**WORK TASK**
The listing below should be written out word for word, with its pictures removed.

**SOURCE DATA**
↓

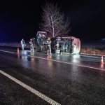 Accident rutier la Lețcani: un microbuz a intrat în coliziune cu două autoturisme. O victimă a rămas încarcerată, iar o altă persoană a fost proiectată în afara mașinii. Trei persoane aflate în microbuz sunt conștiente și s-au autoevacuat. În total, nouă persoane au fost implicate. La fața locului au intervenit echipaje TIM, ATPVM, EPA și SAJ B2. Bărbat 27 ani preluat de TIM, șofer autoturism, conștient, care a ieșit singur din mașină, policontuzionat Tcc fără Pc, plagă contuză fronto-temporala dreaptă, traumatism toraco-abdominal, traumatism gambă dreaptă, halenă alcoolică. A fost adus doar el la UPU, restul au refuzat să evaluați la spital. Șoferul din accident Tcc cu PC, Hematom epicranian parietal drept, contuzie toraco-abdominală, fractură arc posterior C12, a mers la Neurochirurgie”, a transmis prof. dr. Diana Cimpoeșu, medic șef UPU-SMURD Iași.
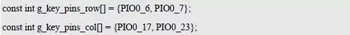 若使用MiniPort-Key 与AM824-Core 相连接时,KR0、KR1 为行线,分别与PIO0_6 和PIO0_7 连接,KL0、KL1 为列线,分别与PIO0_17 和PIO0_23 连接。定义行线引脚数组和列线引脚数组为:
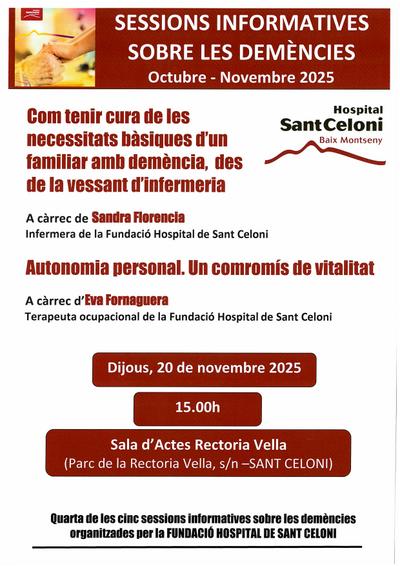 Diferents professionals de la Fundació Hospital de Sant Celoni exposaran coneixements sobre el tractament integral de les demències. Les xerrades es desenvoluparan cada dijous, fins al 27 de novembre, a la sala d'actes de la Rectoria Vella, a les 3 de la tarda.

↑

**ANSWER FOR THIS EXERCISE**
 Accident rutier la Lețcani: un microbuz a intrat în coliziune cu două autoturisme. O victimă a rămas încarcerată, iar o altă persoană a fost proiectată în afara mașinii. Trei persoane aflate în microbuz sunt conștiente și s-au autoevacuat. În total, nouă persoane au fost implicate. La fața locului au intervenit echipaje TIM, ATPVM, EPA și SAJ B2. Bărbat 27 ani preluat de TIM, șofer autoturism, conștient, care a ieșit singur din mașină, policontuzionat Tcc fără Pc, plagă contuză fronto-temporala dreaptă, traumatism toraco-abdominal, traumatism gambă dreaptă, halenă alcoolică. A fost adus doar el la UPU, restul au refuzat să evaluați la spital. Șoferul din accident Tcc cu PC, Hematom epicranian parietal drept, contuzie toraco-abdominală, fractură arc posterior C12, a mers la Neurochirurgie”, a transmis prof. dr. Diana Cimpoeșu, medic șef UPU-SMURD Iași.
 若使用MiniPort-Key 与AM824-Core 相连接时,KR0、KR1 为行线,分别与PIO0_6 和PIO0_7 连接,KL0、KL1 为列线,分别与PIO0_17 和PIO0_23 连接。定义行线引脚数组和列线引脚数组为:
 Diferents professionals de la Fundació Hospital de Sant Celoni exposaran coneixements sobre el tractament integral de les demències. Les xerrades es desenvoluparan cada dijous, fins al 27 de novembre, a la sala d'actes de la Rectoria Vella, a les 3 de la tarda.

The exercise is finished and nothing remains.